# Sir Andrew J. Wiles receives the Abel Prize

The Norwegian Academy of Science and Letters has awarded the Abel Prize for 2016 to Sir Andrew J. Wiles (62), of the University of Oxford, “for his stunning proof of Fermat’s Last Theorem by way of the modularity conjecture for semistable elliptic curves, opening a new era in number theory.” Sir Wiles will receive the Abel Prize from H.R.H. Crown Prince Haakon at an award ceremony in Oslo on 24 May.

The full press release can be found here. The Abel Prize is considered to be the most prestigious lifetime achievement award given to a mathematician and its monetary as well as reputation value is at with the Nobel Prizes. Awarded every year, past winners include S. R. S. Varadhan, Endre Szemeredi and John Nash among others. Sir Andrew J. Wiles, born on 11 April 1953 in Cambridge, earned his bachelor’s degree in mathematics in 1974 at Merton College, Oxford, and a PhD in 1980 at Clare College, Cambridge. After a period at the Institute for Advanced Study in New Jersey in 1981, he became a professor at Princeton University. In 1985–86, Wiles was a Guggenheim Fellow at the Institut des Hautes Études Scientifiques near Paris and at the École Normale Supérieure. From 1988 to 1990, Wiles was a Royal Society Research Professor at the University of Oxford, before returning to Princeton. He rejoined Oxford in 2011 as Royal Society Research Professor.

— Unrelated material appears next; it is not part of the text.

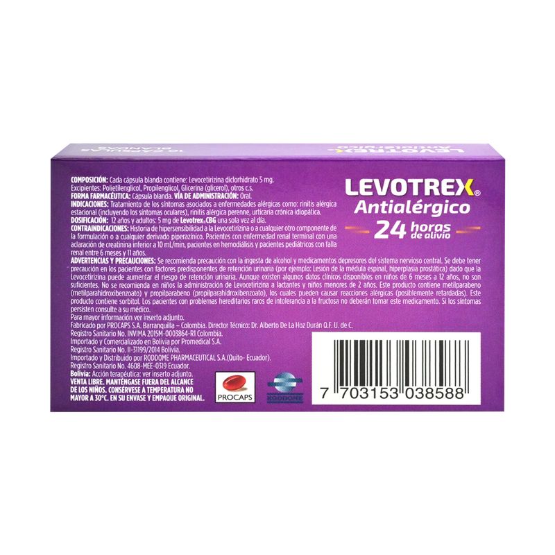 𝗣𝗥𝗜𝗡𝗖𝗜𝗣𝗜𝗢 𝗔𝗖𝗧𝗜𝗩𝗢: Levocetirizina 5 mg

The proof of Fermat’s Last Theorem is considered the crowning jewel of 20th century mathematics with many deep number theoretic techniques involved in the proof. It took Sir Wiles close to a decade of tackling the problem in isolation and finally proving the result with inputs from Richard Taylor. The theorem which was conjectured by Pierre de Fermat, a French amateur mathematician states that for any three integers $$x,y,z$$ such that $$xyz\neq 0$$ and $$n\geq 3$$, a natural number, the Diophantine equation $$x^n+y^n=z^n$$ has no solutions. Fermat, wrote down this observation in his copy of a book by Diophantus saying that he had a proof but the margin of the book was too narrow for him to write it down. Although, there has been numerous speculation but no such proof has till date been found and mathematicians believe that Fermat did not have a complete proof for his assertion. The names of famous mathematicians like Euler, Sophie Germain, Kummer, Gauss, etc are associated with the result; each of whom proved the theorem for specific values of $$n$$.